I have the following function
$$f(x) = \frac 14 (x^T A x)^2 + b^T x$$
where $A$ is symmetric and positive definite, and I proved its convexity. However, when I try to minimize it, I get stuck. After I take its gradient w.r.t. vector $x$ and equate it to $0$
$$A x x^T A x = -b$$
I can't find a way to move both $A$'s to the right hand side of the equation. What trick should I use to move them? The rest is straightforward: just a bunch of norm and normalized vector stuff. Thanks.

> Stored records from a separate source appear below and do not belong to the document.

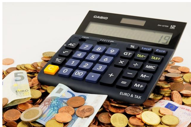
Die Forderung Selbständige in die gesetzliche Rente einzubeziehen ist vom Tisch.

Die Selbständigen in Deutschland werden auch in Zukunft die Wahl haben wie sie ihre Altersvorsorge betreiben. Ein Zwang zum Eintritt in die gesetzliche Rentenversicherung, wie in der letzten Legislaturperiode unter anderem von Arbeitsministerin Andrea Nahles (SPD) gefordert, ist vom Tisch. Das geht aus dem Sondierungspapier von CDU, CSU und SPD hervor. Beschlossen wurde eine Altersvorsorgepflicht für Selbständige, die jedoch individuell ausgestaltet werden kann. Der Bund der Selbständigen Rheinland-Pfalz & Saarland e.V. begrüßt diesen Kompromiss.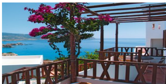
Blick auf das Meer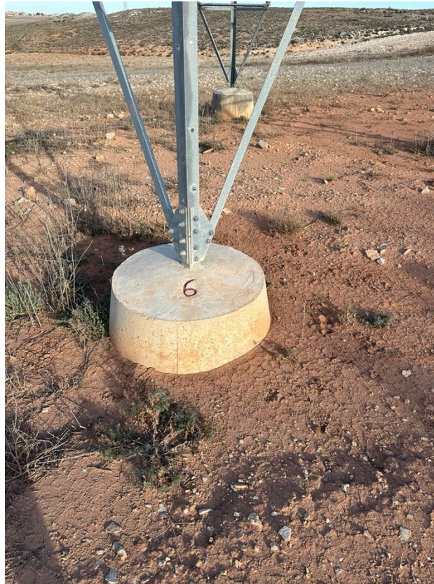
Imagen 5. Apoyo donde se localizó el ave accidentada.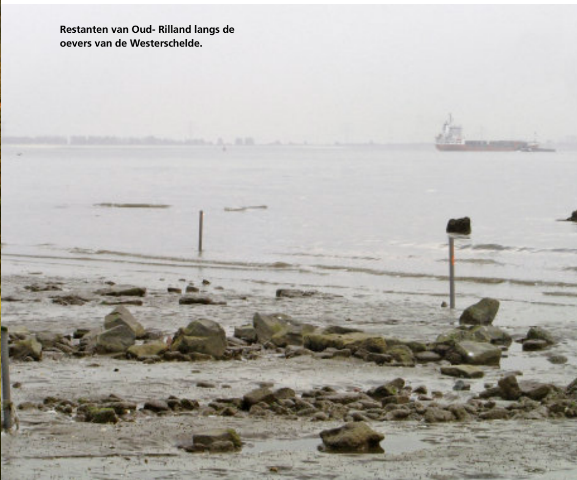
Restanten van Oud- Rilland langs de oevers van de Westerschelde.

Een andere boosdoener was het turfsteken of 'darinck delven'. Op veel plaatsen staken de eilanders

The correct optimality condition is $$(x^TAx)Ax + b = 0$$ Since $A$ is positive definite, $(x^TAx)Ax$ will be zero if and only if $x=0$. Therefore, the only way $x=0$ can be the solution is if $b=0$ as well. On the other hand, if $b\neq 0$, then $x\neq 0$, and $$x = -(x^TAx)^{-1} A^{-1} b$$ At first this may not seem helpful, but it helps reveal an important point: since $x^TAx$ is a scalar, $$x = \lambda A^{-1} b$$ for some value of $\lambda$. (Indeed, we didn't need to assume $x\neq 0$ to see this.) Let's plug that into the original optimality conditions; we get $$\lambda^3(b^TA^{-1}b)b + b = \left(\lambda^3(b^TA^{-1}b) + 1\right) b = 0 \quad\Longrightarrow\quad \lambda = -(b^TA^{-1}b)^{-1/3}$$ Therefore, $$x = -(b^TA^{-1}b)^{-1/3} A^{-1} b$$